(Beginning of Supplied material)
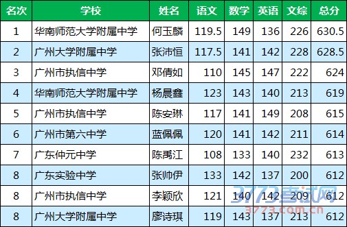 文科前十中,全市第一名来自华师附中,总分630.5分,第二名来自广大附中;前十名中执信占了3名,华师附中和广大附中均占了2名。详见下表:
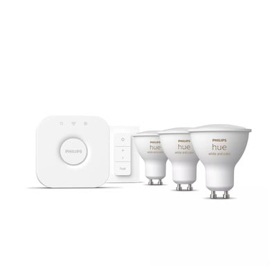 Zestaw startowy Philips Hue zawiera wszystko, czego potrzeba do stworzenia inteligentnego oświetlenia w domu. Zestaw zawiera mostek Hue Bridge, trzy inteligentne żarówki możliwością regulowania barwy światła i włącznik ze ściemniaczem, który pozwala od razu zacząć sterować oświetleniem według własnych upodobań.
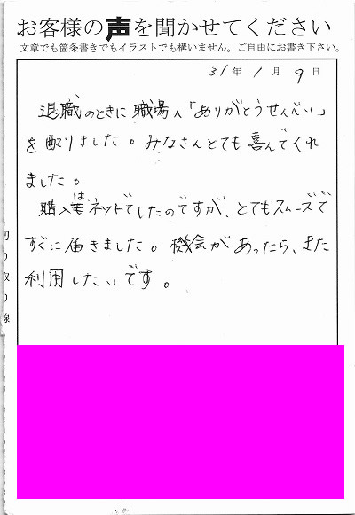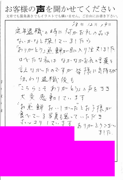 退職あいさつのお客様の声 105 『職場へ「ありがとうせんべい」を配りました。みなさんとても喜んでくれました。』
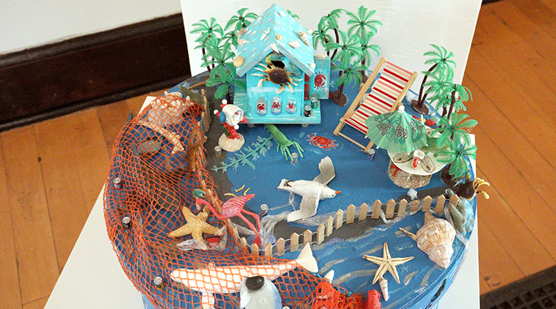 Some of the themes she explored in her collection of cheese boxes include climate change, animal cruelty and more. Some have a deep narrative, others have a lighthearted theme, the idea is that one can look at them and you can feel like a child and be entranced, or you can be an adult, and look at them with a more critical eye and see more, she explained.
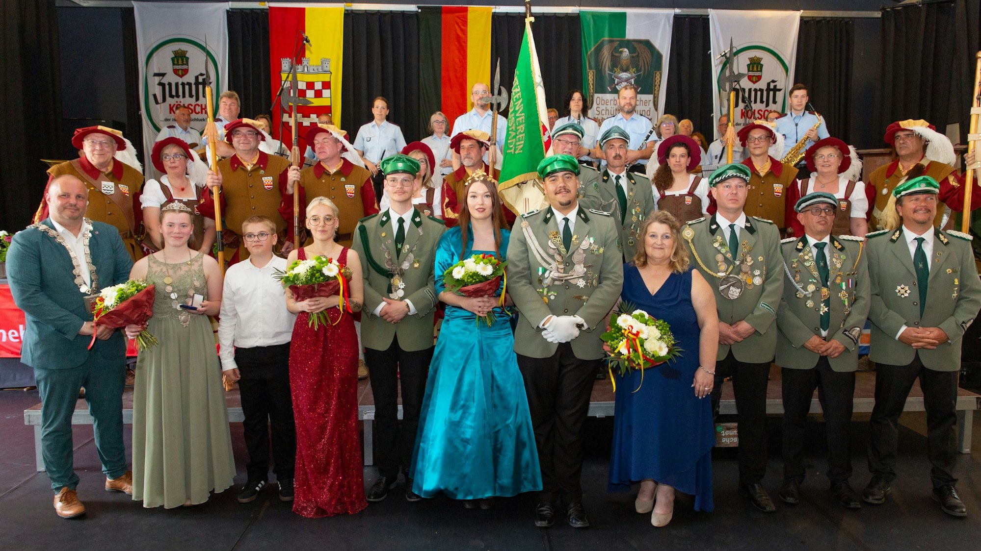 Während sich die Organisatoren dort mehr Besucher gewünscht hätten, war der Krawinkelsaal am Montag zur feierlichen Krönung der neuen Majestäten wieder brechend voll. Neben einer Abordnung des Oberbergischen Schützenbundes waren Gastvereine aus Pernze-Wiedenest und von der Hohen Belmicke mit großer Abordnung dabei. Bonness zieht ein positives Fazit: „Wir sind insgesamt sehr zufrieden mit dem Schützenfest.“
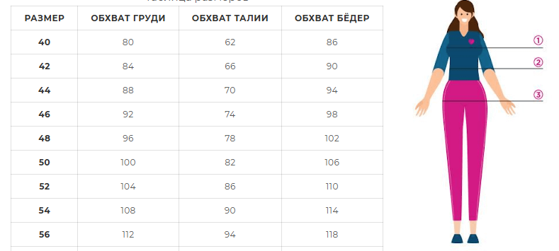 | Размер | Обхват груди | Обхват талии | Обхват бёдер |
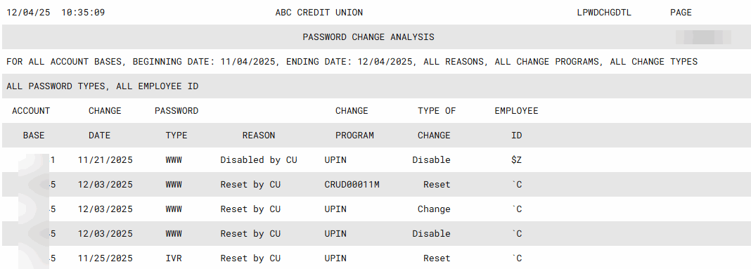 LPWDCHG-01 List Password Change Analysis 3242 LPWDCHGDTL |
(End of Supplied material)
(Beginning of Supplied material)
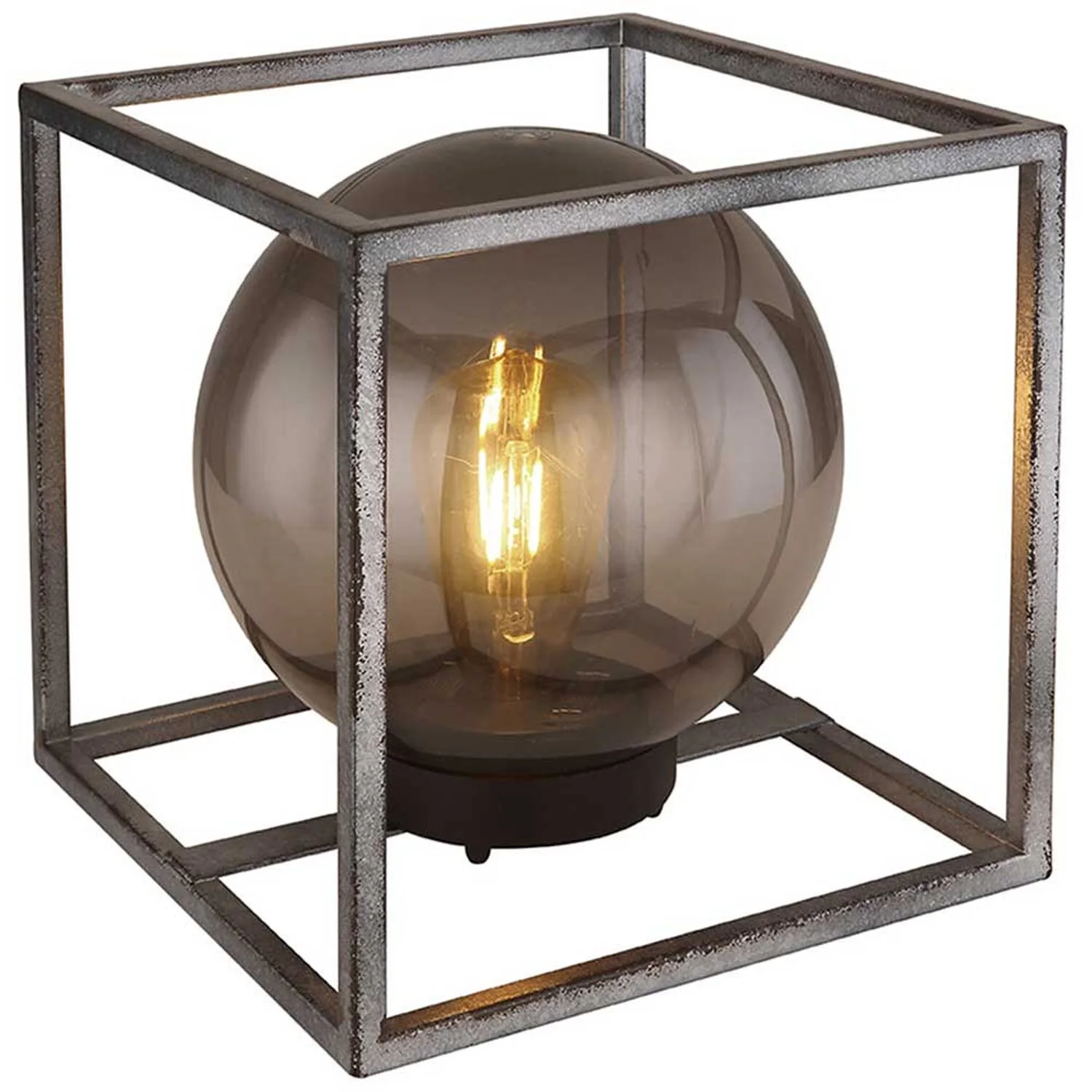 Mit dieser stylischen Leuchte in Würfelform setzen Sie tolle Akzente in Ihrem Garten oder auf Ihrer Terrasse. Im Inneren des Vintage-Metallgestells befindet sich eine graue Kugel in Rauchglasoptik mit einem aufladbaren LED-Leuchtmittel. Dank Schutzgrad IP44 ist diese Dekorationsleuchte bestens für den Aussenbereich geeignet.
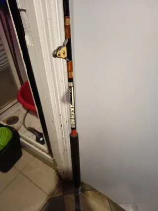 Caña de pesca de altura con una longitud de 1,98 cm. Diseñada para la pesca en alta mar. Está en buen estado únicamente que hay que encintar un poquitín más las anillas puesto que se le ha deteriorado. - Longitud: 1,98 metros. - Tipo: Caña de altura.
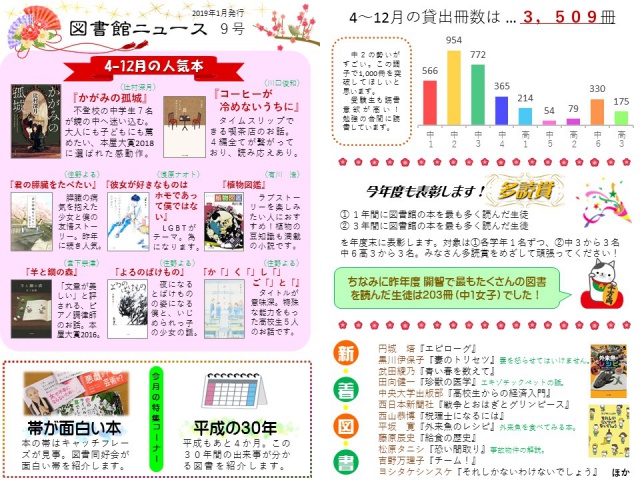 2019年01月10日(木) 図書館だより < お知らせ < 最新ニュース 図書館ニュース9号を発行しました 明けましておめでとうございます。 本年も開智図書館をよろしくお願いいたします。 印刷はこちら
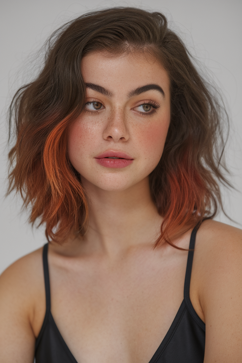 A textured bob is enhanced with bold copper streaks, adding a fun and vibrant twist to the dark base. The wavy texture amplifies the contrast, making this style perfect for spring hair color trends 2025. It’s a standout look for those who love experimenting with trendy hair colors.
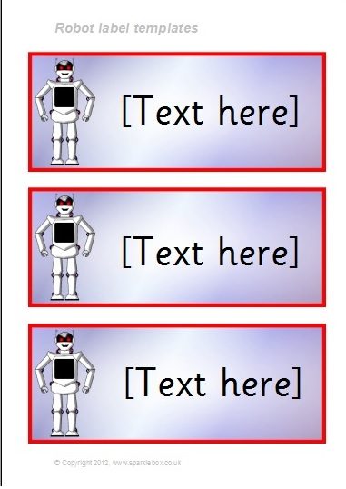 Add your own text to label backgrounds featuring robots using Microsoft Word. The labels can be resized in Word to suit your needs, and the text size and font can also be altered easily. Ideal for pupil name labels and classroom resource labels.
(End of Supplied material)
## Problem description
Please repeat, exactly as written, the lines in the records above, starting with the one that has "2019年01月10日(木) 図書館だより <" and going on through the one that has "Add your own". Pictures are to be left out.

## Reply to the task
 2019年01月10日(木) 図書館だより < お知らせ < 最新ニュース 図書館ニュース9号を発行しました 明けましておめでとうございます。 本年も開智図書館をよろしくお願いいたします。 印刷はこちら
 A textured bob is enhanced with bold copper streaks, adding a fun and vibrant twist to the dark base. The wavy texture amplifies the contrast, making this style perfect for spring hair color trends 2025. It’s a standout look for those who love experimenting with trendy hair colors.
 Add your own text to label backgrounds featuring robots using Microsoft Word. The labels can be resized in Word to suit your needs, and the text size and font can also be altered easily. Ideal for pupil name labels and classroom resource labels.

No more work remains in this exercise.